During 2021, Air Astana increased total revenue by 90% to $761 million from $400 million in 2020, with the figure for 2019 being almost $900 million.
EDITDAR (Earnings before interest, taxes, depreciation, amortisation and restructuring) for 2021 was $217 million, compared with $33 million in 2020, with the figure for 2019 being $171 million.
The group carried 6.6 million passengers in 2021, up almost 80% on 2020, with Air Astana carrying 3.6 million passengers and Fly Arystan carrying three million passengers. Total overall capacity was up more than 60% over 2020.
“We had a very good year last year,” says Foster. “Far, far better than expected. Flyarystan grew at 553% in passenger numbers.”
The pandemic may have forever changed Air Astana’s business model, says Foster, noting that point-to-point flying is the way forward for the airline. In that vein, the group has inaugurated many new “lifestyle routes”: to the Maldives, Phuket, Sri Lanka, Egypt, Montenegro, Heraklion in Greece, in addition to existing ones to Antalya, Bodrum and Dubai.

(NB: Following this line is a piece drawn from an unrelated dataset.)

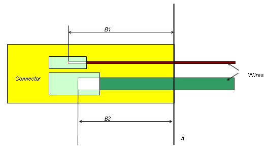 B: The distance between plane A, and the point where the inserted wire ends. For a connector with differing cavity sizes, B could be different for each wire inserted depending on the depth of the cavity. In this example, B could be equal to either B1 or B2.

“We call them ‘lifestyle routes’ because they are leisure destinations no longer restricted to holiday periods. We are finding that many people are keen to travel for extended periods to agreeable places and run their businesses and, in some cases, educate their children remotely from there,” explains Foster.
“Regional routes and, of course, our low-cost Flyarystan network are performing extremely well, too. There is very high demand and therefore high load factors and yields,” he says.
Russia challenge
Living in proximity with Russia means Air Astana is heavily impacted by President Putin’s war against Ukraine.

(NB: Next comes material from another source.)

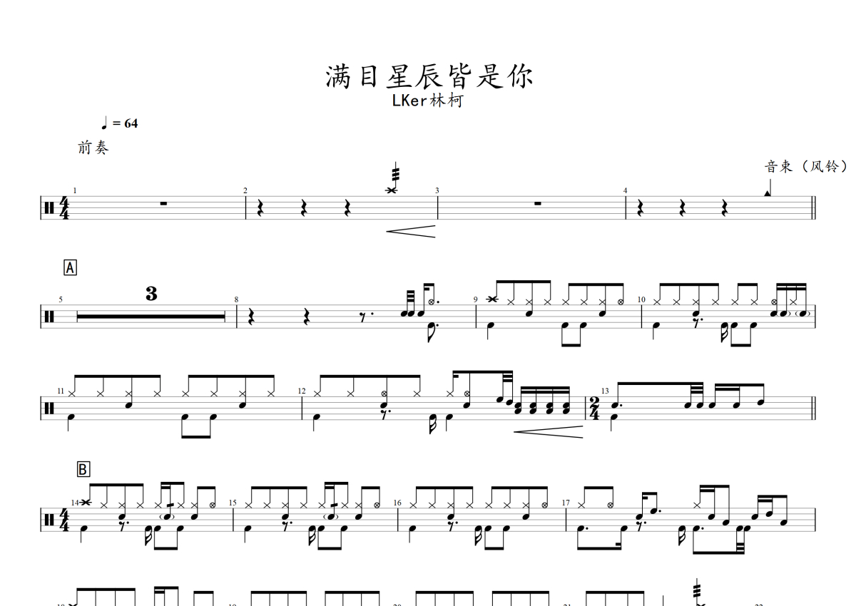 LKer林柯《满目星辰皆是你》架子鼓谱

“Aside from the horrendous human cost of the war, the invasion (which I witnessed first-hand in Kyiv) has caused us to lose all flights to Ukraine and Russia, the latter because of withdrawal of insurance cover,” resulting in an approximate loss of 12% of the group’s international route network, says Foster.
The Kazakh flag carrier, however, says it is bridging that lost capacity with extra flights and new services to South Korea, Germany, Turkey, Greece, Montenegro, Georgia and Uzbekistan. Naturally, most of these new flights are still impacted by the war, however.
“All flights to Europe avoid Russian airspace and follow the southern route through the Caucasus, south of the Black Sea coast, Turkey and north from there. Greece, Montenegro and Turkey are hardly affected; however, Frankfurt and Amsterdam have an extra 90 minutes flying and London has to make a fuel stop on the Caspian,” says Foster, noting that he will “try to make up some of the extra cost with fuel surcharges”.